Berkshire Hathaway has long been operated at the direction of Warren Buffett, who many consider to be the greatest investor ever. The legendary capital allocator is known for his sharp analytical skills and business acumen, which have helped the conglomerate amass an unbelievable track record compounding capital.

For the average investor, it makes sense to look at the stocks Berkshire owns. There's one business in particular that makes up 21.6% of the entire $281 billion portfolio and currently stands as Berkshire's second-largest holding. This company clearly has some wonderful qualities that caught the Oracle of Omaha's attention.

But is it a no-brainer buying opportunity right now?

Buffett view of left side of his face up close.

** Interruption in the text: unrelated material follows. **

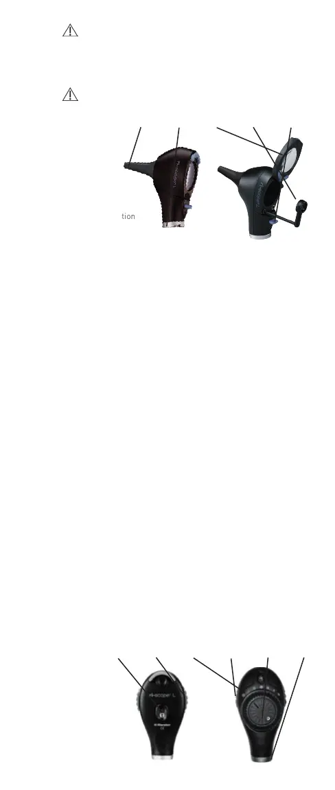 5) Push button for ear speculum ejection (L3 only)

Image source: The Motley Fool.

Buffett's vote of confidence

Berkshire has a massive stake in financial services giant American Express (AXP 2.98%), a position that's only smaller than Apple. Buffett's investment philosophy focuses on owning businesses that possesses an economic moat. It's clear that Amex fits the bill here.

The company has incredible brand strength, thanks to its premium position in the credit card space. Amex targets affluent customers with its Platinum and Gold cards, perhaps its two most popular offerings, that charge high annual fees and that provide unrivaled perks and benefits. These credit cards carry a certain type of cachet and are often seen as a status symbol.

Amex has been around for almost two decades, so the brand certainly has durability. It's been relevant for such a long time that investors should have confidence that the business isn't falling by the wayside anytime soon.

Another clear competitive advantage Amex has is a network effect. Besides issuing its own credit cards and taking on credit risk, the company also operates the underlying payment platform, similarly to Visa or Mastercard. Consequently, Amex's network gets stronger and more valuable to stakeholders as it expands and adds more merchants and cardholders.

Berkshire hasn't touched its Amex position in over a decade. That's an obvious indication of Buffett's conviction in the business, which he appears to have no intention of selling.

Can American Express stock beat the market?

American Express has historically posted steady financial growth. In the past five years, revenue increased by 65%, driven by a 30% gain in active cards and 39% growth in payment volume. An expanding economy spurs spending activity. Plus, Amex benefits from decreasing cash usage. These trends should continue in the years ahead.

Investors looking to copy Buffett and buy the stock might want to consider if it can outperform the S&P 500 index over the next five years. This is a valuable screen to utilize before considering a purchase. If you don't believe outperformance is in the cards, then it's best to just own the index.

In the past five years, Amex has generated a total return of 213%, which easily outpaces the broader S&P 500's 108% total return. That monster gain might not repeat itself in the future, though.

According to Wall Street consensus analyst estimates, Amex's earnings per share are projected to increase at a compound annual rate of 14.4% between 2024 and 2027. That's certainly an encouraging outlook that can support market outperformance.

However, the valuation is what concerns me. As of June 20, shares trade at a price-to-earnings ratio of 20.8. That stock has rarely been more expensive in the past three years. I don't believe this is a bargain setup for prospective investors.

For those investors that still appreciate this business and that don't really care about the above-average valuation, then it can make sense to dollar-cost average. Over several months or even years, a full position can be created with multiple purchases.